Where it earns its keep is a worked example with named numbers (illustrative; exact numbers depend on adapter rank, batch composition, and the engine). Picture a serving slice with N=512 active adapters in the batch, a prompt of P=1,024 prefill tokens, and a generation length of D=512 decode tokens. The adapter does its low-rank work P+D = 1,536 forward passes per request, on every layer, in the standard regime. PreFT keeps the P=1,024 prefill passes but zeroes out the D=512 decode passes — and the decode passes are the expensive ones because each decode step is one of D sequential forward passes (vs. prefill which fuses all P prefill tokens into roughly one parallel pass over the prompt). On Llama 3.1 70B with 512 concurrent adapters, the paper reports 1.9× throughput vs. the standard multi-LoRA baseline.

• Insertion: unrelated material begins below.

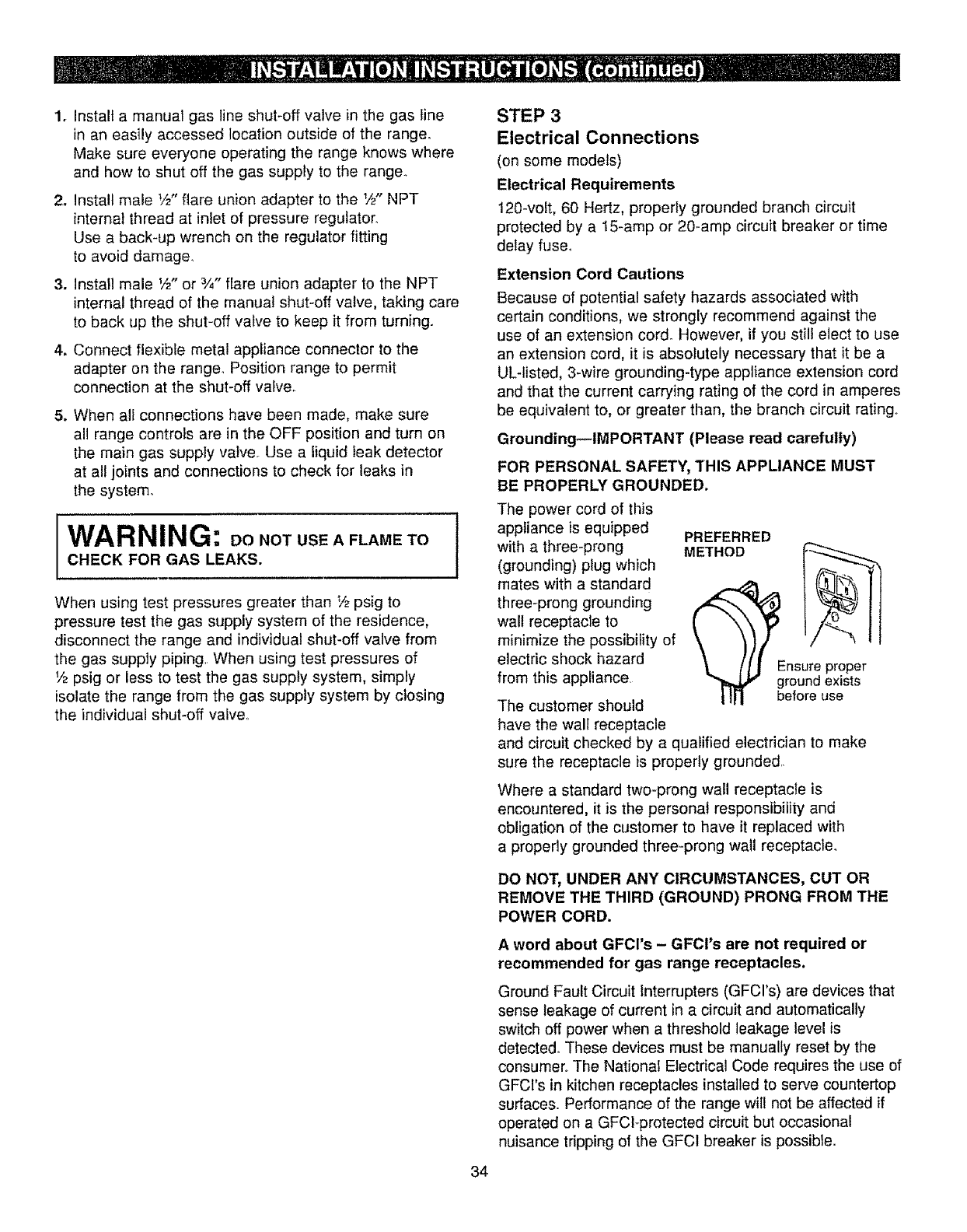 Connect the Range to Gas ..................... 32-34

Where PreFT sits next to other adapter-cost levers

Lever	What it changes	When the adapter runs	Where it earns its keep
Vanilla multi-LoRA	Baseline — every token on every adapter	Prefill and every decode step	simplest path; flexibility to swap adapter mid-stream
SGMV-batched decode	Kernel-level efficiency, not adapter-call elimination	Prefill and every decode step (just batched)	flattens the per-row dispatch cost across a mixed batch
Unified adapter paging	Adapter weight residency, not active-step cost	Prefill and every decode step (paged in)	fits more adapters in HBM at once
PreFT — prefill-only adapter discard (this paper)	Decode-side adapter cost goes to zero	Prefill only — adapter discarded before decode	multi-LoRA workloads dominated by decode; 1.9× throughput at N=512, Llama 3.1 70B

PreFT slots into the existing multi-LoRA serving stack — the adapter still trains and serves as a normal LoRA or ReFT module, the engine just stops applying it once prefill emits its last KV pair. Because the adapter's contribution lives in the KV cache, in principle the standard cache-side levers — paged attention, prefix caching, chunked prefill — should remain compatible, though the paper itself focuses on the LoRA / ReFT + vLLM result and does not benchmark each combination. There is one new constraint either way: if a request needs the adapter to behave differently mid-stream (e.g. a long-running agent that switches persona at decode step 200), PreFT doesn't support it without a re-prefill, because the adapter is no longer in the loop.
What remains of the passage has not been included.